Thomas recalled how, in 2017, the Air Force set down a new tattoo policy in order to attract new talent and retain airmen.

“The decision was: you can have a full sleeve tattoo but it needed to stop at the hand,” Thomas recalled. 

Since then, tattoos have continued to grow in popularity, to the point where Thomas said the Air Force was losing 1,000 recruits a year “in some cases because they may have had very small tattoos on the inside of a finger.”

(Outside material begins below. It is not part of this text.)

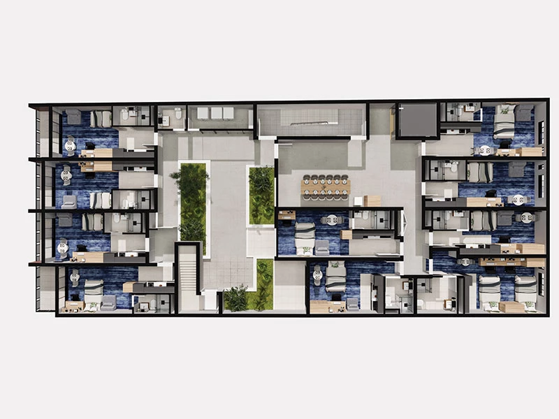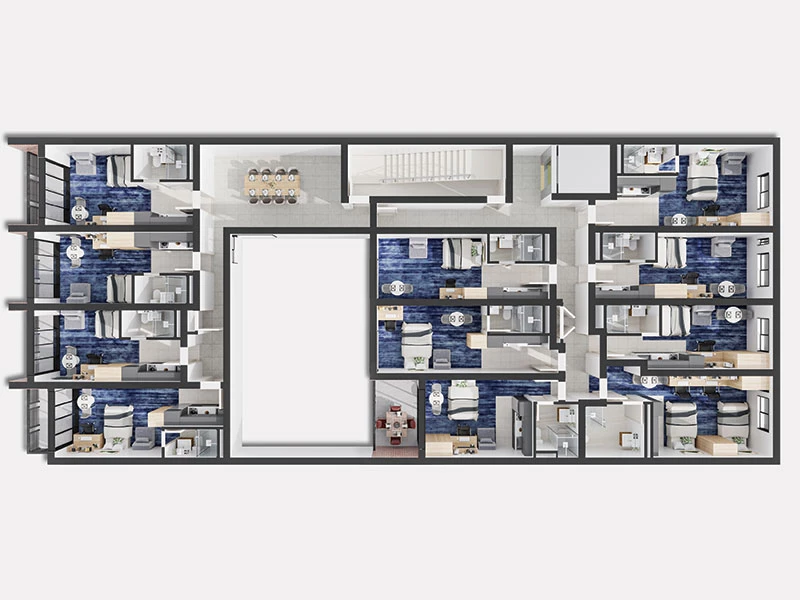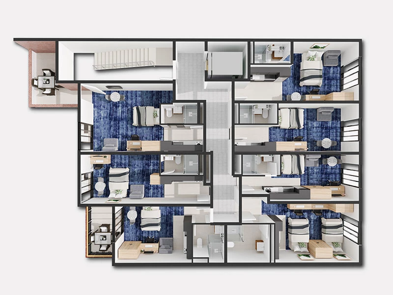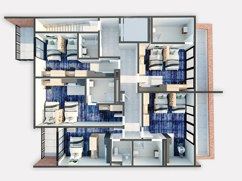 These fully furnished twin-share apartments offer luxury boutique student accommodation of the highest quality. Showcasing generous modern layouts with state-of-the-art inclusions, they provide a cost-effective rental option for those who want to share with a friend, sibling or meet new people.

That might have been okay a few years ago when “frankly, we could afford to lose people around the margins because of finger tattoos, or because of certain medical conditions that we weren’t willing to take a risk on,” the general said.

But 2022 has been a very different year. Between a labor market shortage and a decreasing propensity to serve among the U.S. public, the Air Force can’t afford to be picky over hand tattoos. In January, Thomas compared the recruiting situation to Apollo 13, the 1970 NASA mission where three astronauts nearly died on their way to the moon after an oxygen tank in their ship failed.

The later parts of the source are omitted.